W.G. SEBALD, Sobre la historia natural de la destrucción.


Durante la Segunda Guerra Mundial, 131 ciudades y pueblos alemanes fueron tomados como objetivo de las bombas de los aliados y buen número de ellos resultaron arrasados casi por completo. A consecuencia de esos bombardeos, murieron seiscientos mil civiles alemanes; una cifra que duplica el número de las bajas sufridas en conjunto por los americanos. Siete millones y medio de alemanes quedaron sin hogar. Dado el asombroso alcance de la devastación, el autor se hace una pregunta: ¿por qué este tema ocupa tan escaso espacio sobre la memoria cultural de Alemania?. En Sobre la historia natural de la destrucción, Sebald investiga a fondo este ominoso silencio, las consecuencias universales de la negación del pasado. (de la contraportada del libro)

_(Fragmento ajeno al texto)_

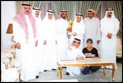 وقام الاستاذ فارس الخضيري باهداء كأس بطولة اندية سدير لكرة القدم والتي حققها الفريق الاول هذا الموسم ضمن بطولات اندية سدير التي حققها النادي «اولى، شباب، ناشئين» تقديراً من النادي للشيخ سعد وابنيه عضوي شرف النادي الشيخ فهد والشيخ محمد نظير دعمهما المتواصل.. هذا وكعادته في دعم النادي قدم الشيخ سعد المعجل خمسين الف ريال دعماً لنشاطات النادي ومشاركاته الحالية كما قدم الشيخ عبدالمحسن بن حمد المنقور وكيل الحرس الوطني بالشرقية سابقاً عضو شرف النادي مبلغ عشرة الاف ريال وذلك اثناء استقباله للاستاذ الخضيري والعريج في الدمام.

Para Sebald, un escritor tiene el imperativo moral de escribir lo que ocurrió, renunciando a cualquier tipo de artificio, apelando a la “precisión y a la responsabilidad”: “El ideal de lo verdadero se encuentra, ante la destrucción total, como el único motivo legítimo para proseguir la labor literaria (G. Piro, en una reseña de la obra)

Sebald se resiste a admitir que, en ocasiones, es necesario olvidar para seguir viviendo, probablemente cegado por un ansia de justicia moral que viene demasiado grande incluso a alguien como él. Todo esto hace de este ensayo un extraño libro beligerante, una rareza en su obra, más por el tono adoptado que por el contenido (…) Sebald parece decir que sólo un análisis distanciado permite la supervivencia, pero que en ocasiones es necesario dirigir una crítica más aguda hacia todo lo que, poco a poco, va cayendo en la autocomplacencia. Se hace imprescindible la lucha contra el olvido. (D. Quinn)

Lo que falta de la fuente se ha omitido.